*Provided material*:
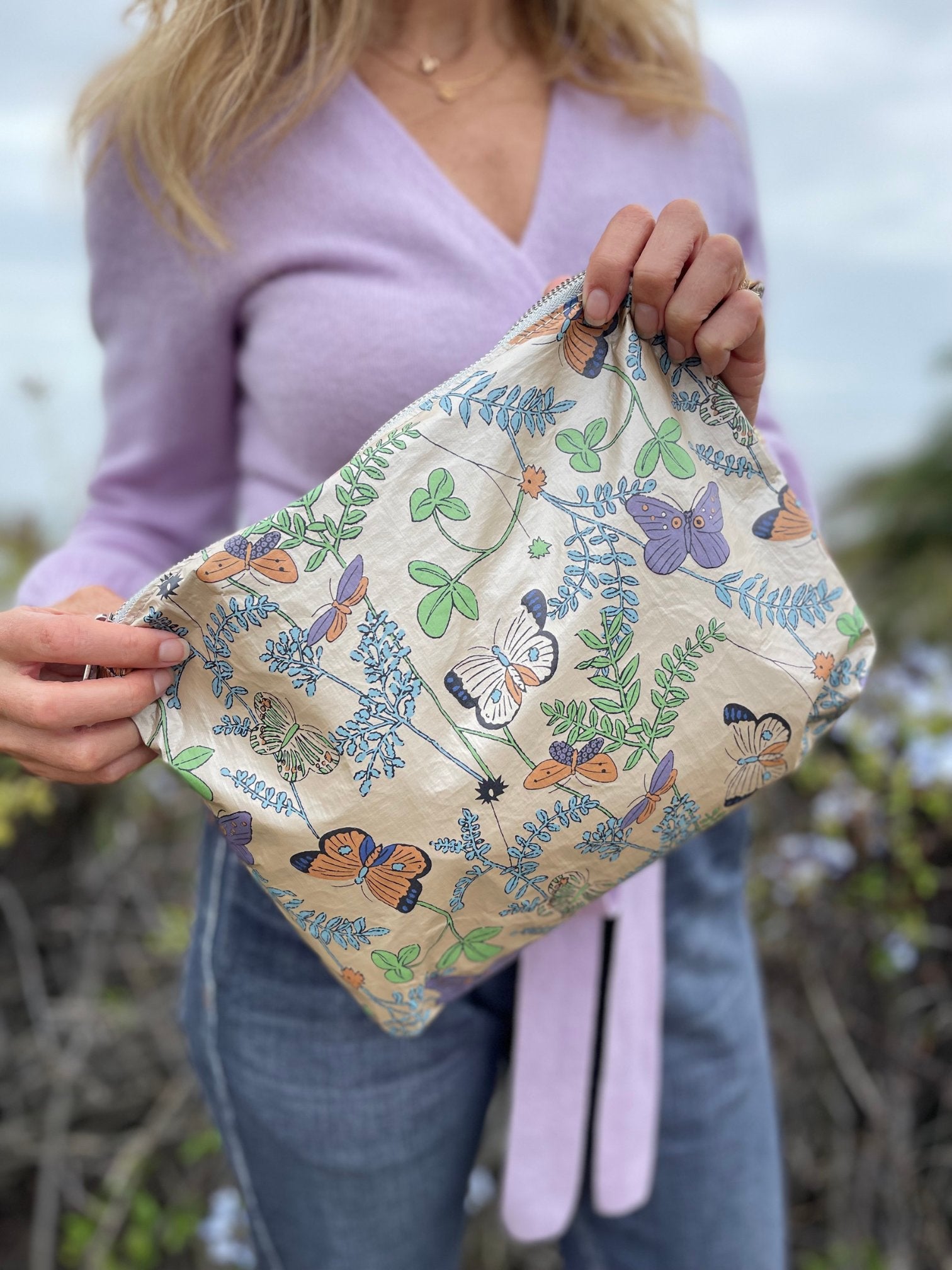 Cosmetic Case - Lunch Box - Butterfly in the Wild on Shimmer Beige
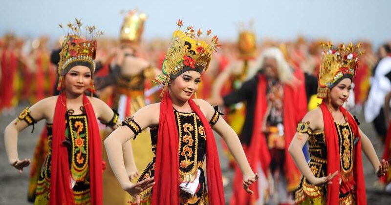 BANYUWANGI, Indonesia, Oct. 27 (Xinhua) — Performers in traditional costumes staged Gandrung, a popular mass dance in Banyuwangi, East Java, Indonesia, on Saturday to celebrate the Gandrung Sewu Festival.
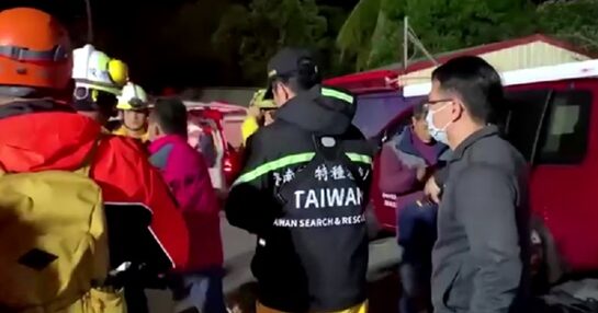 เจ้าหน้าที่กู้ภัยและตำรวจดับเพลิงไต้หวันเข้าช่วยเหลือผู้ประสบภัยหลายสิบคนที่ติดอยู่ในอาคารที่พักอาศัยและบ้านเรือนในเมืองไถ่หนาน ทางภาคใต้ ที่ได้รับความเสียหายบางส่วน

*Exercise directions*: Aside from its pictures, the listing must be given again in full, exactly as it appears.

*Result*:
 Cosmetic Case - Lunch Box - Butterfly in the Wild on Shimmer Beige
 BANYUWANGI, Indonesia, Oct. 27 (Xinhua) — Performers in traditional costumes staged Gandrung, a popular mass dance in Banyuwangi, East Java, Indonesia, on Saturday to celebrate the Gandrung Sewu Festival.
 เจ้าหน้าที่กู้ภัยและตำรวจดับเพลิงไต้หวันเข้าช่วยเหลือผู้ประสบภัยหลายสิบคนที่ติดอยู่ในอาคารที่พักอาศัยและบ้านเรือนในเมืองไถ่หนาน ทางภาคใต้ ที่ได้รับความเสียหายบางส่วน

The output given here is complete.